Jim has talked about the Wendler Six and certain Weak Point Areas. They are not in Beyond or the second edition. Anyone know what these terms imply?
Wendler 6 - only assistance work I recommend. Ends all discussion about it. Dips, chins/pull ups, rows, abs, low back, curls.
This is provided the lifter has a complete program. If he chooses not to have a complete program, let it be. Which leads to Weak Point. That is an article I wrote for forum. It details how to look for real weak points in your training. I think everyone has let the whole “muscles as weak points” phenomenon die out: as all fallacies and trends should die.
[quote]Jim Wendler wrote:
Wendler 6 - only assistance work I recommend. Ends all discussion about it. Dips, chins/pull ups, rows, abs, low back, curls.
This is provided the lifter has a complete program. If he chooses not to have a complete program, let it be. Which leads to Weak Point. That is an article I wrote for forum. It details how to look for real weak points in your training. I think everyone has let the whole “muscles as weak points” phenomenon die out: as all fallacies and trends should die. [/quote]
I think this 6 would probably serve 90% of people well if they kept their assistance to that (the other 10% needs variations/other exercises because of injury or other limitations). Not trying to discount other exercises - like DB bench - but there’s much less variables that people can overcomplicate with the 6 (re: incline of the bench on DB/barbell incline press, narrow vs wide grip).

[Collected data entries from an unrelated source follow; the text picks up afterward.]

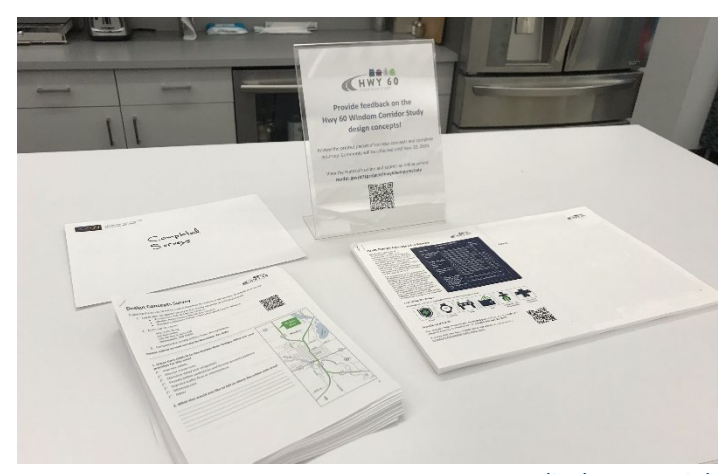
Pop-up display materials

Pop-up displays with printed project materials were placed in local gathering centers for people to review design comments and submit completed surveys. Two people mailed completed surveys from the pop-up displays.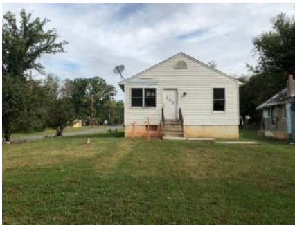
102 New Jersey Ave, Atco, NJ 08004

Bedrooms: 3 Bathrooms: 2 Square Feet: 1,340 Year Built: 1900 FHA Case #: 351-497253 List Date: 10-20-17 Bid Deadline: Daily List Price: $32,966 Status: Price Reduction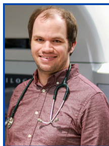
Dr. Chris Bloom Care Center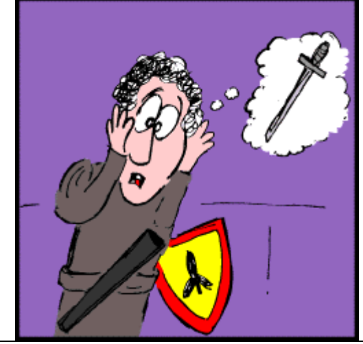
Sir Kay was in the tournament but he'd forgotten his sword!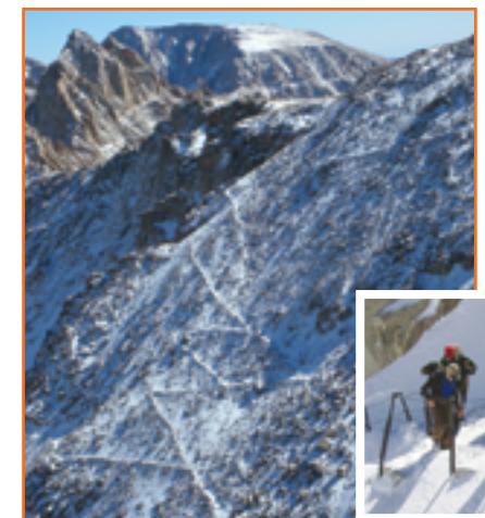
Switchback near Trail Crest, early October 2010

Above information courtesy of Kurt Wedberg, Sierra Mountaineering International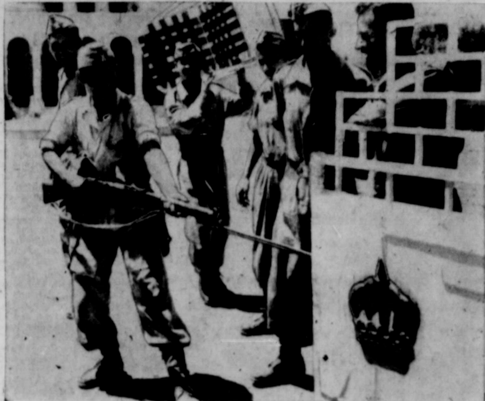
THEY LAUGH AT THE CROWN— An Iraqi soldier points his bayoneted rifle at a crown on the wall of the late King Faisal's palace in Baghdad. His laughing comrades appreciate the grim jesture. Not far from here, Faisal was machine-gunned to death when the army-led coup took the country with sudden violence.

TRADE WITH YOUR HOMETOWN MERCHANTS UPHOLSTERING Furniture and Automobile Also Canvas and Tarpaulin Repairs We Cover Boat Seats EDGAR'S 309 Main Ranger

Beyond this, I think one of the biggest gifts you gave to strength training after the 5/3/1 program itself is the Triumvirate template. Experiment and simplify. I had (and have) the best results when I kept things simple and worked my ass off. I have recommended many of my friends to read your “World’s Simplest Training Template” article here. There’s something to be said about prioritizing hard work, simplicity, and flexibility in a program - not many others do.